● Data shown
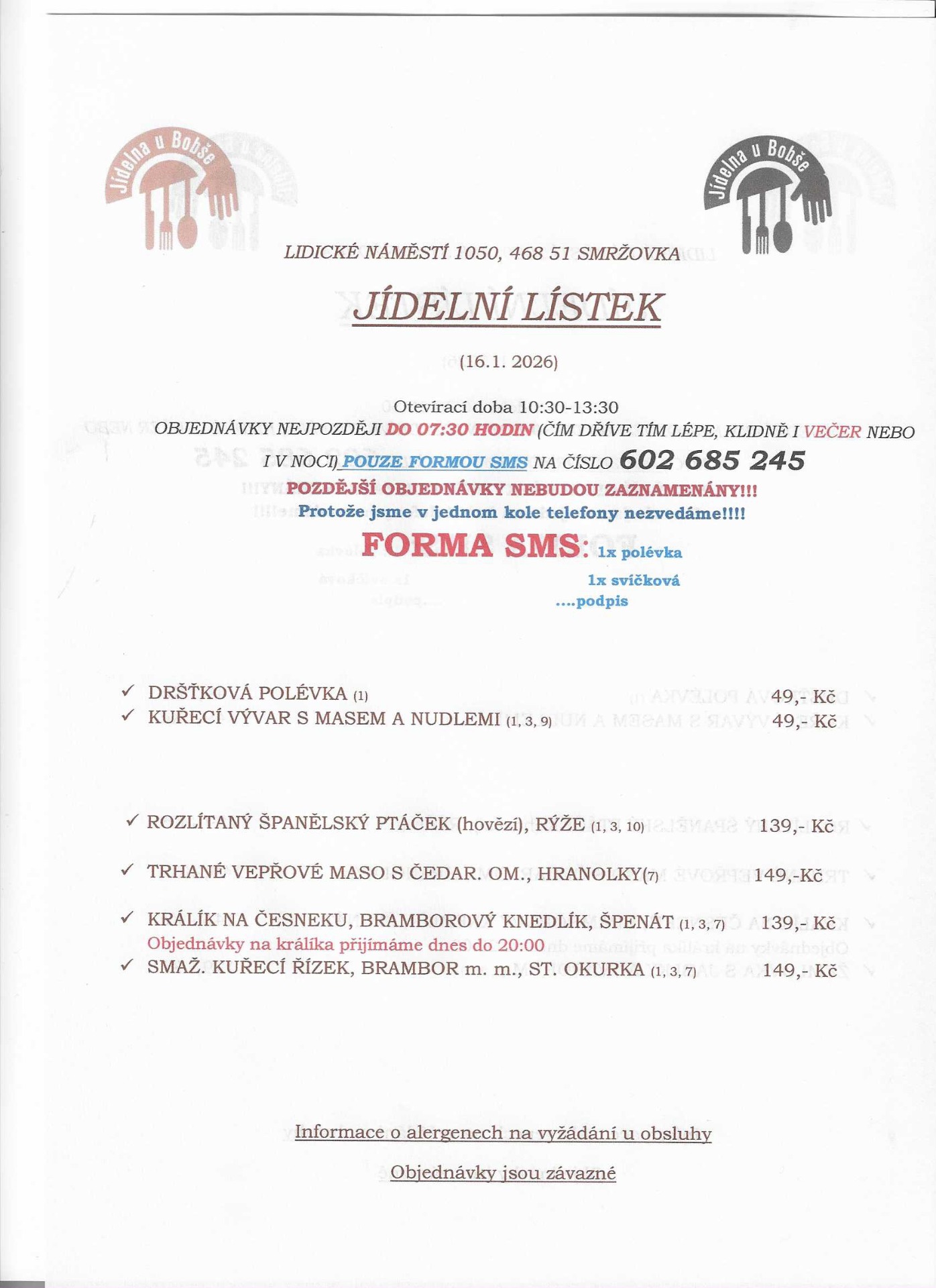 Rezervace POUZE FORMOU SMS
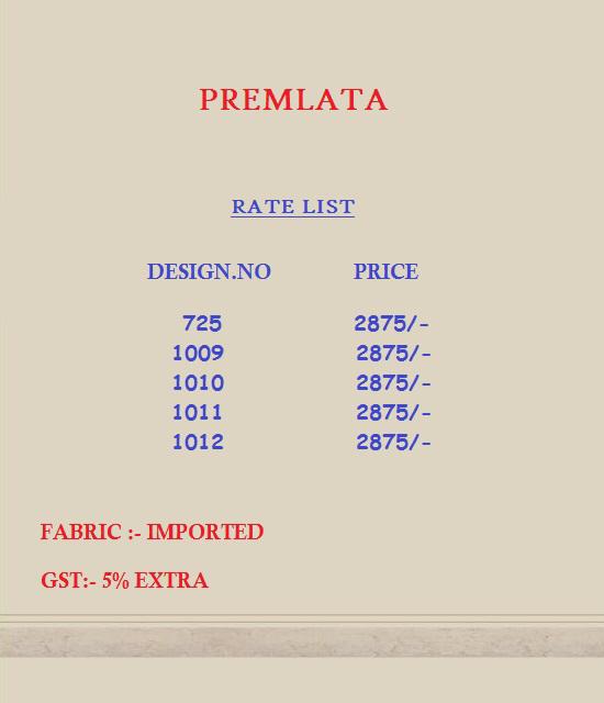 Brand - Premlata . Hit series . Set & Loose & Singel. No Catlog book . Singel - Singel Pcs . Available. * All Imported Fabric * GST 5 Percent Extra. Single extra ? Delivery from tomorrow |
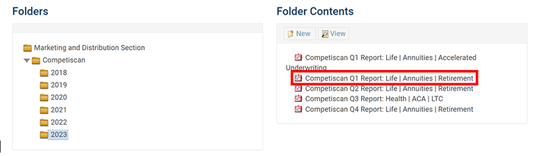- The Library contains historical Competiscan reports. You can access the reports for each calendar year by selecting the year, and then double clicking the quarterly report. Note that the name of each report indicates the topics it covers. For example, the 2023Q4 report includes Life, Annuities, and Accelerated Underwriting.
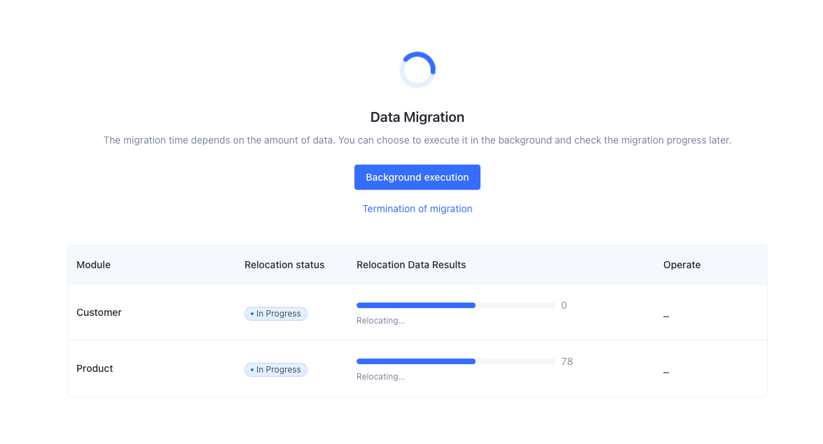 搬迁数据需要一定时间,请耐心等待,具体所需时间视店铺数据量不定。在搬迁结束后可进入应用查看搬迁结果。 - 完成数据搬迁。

● Exercise details
For this copy, leave pictures out and reproduce the lines from the one bearing "Brand - Premlata" through the final line of the listing above, both ends included.

● Solution to this problem
 Brand - Premlata . Hit series . Set & Loose & Singel. No Catlog book . Singel - Singel Pcs . Available. * All Imported Fabric * GST 5 Percent Extra. Single extra ? Delivery from tomorrow |
- The Library contains historical Competiscan reports. You can access the reports for each calendar year by selecting the year, and then double clicking the quarterly report. Note that the name of each report indicates the topics it covers. For example, the 2023Q4 report includes Life, Annuities, and Accelerated Underwriting.
 搬迁数据需要一定时间,请耐心等待,具体所需时间视店铺数据量不定。在搬迁结束后可进入应用查看搬迁结果。 - 完成数据搬迁。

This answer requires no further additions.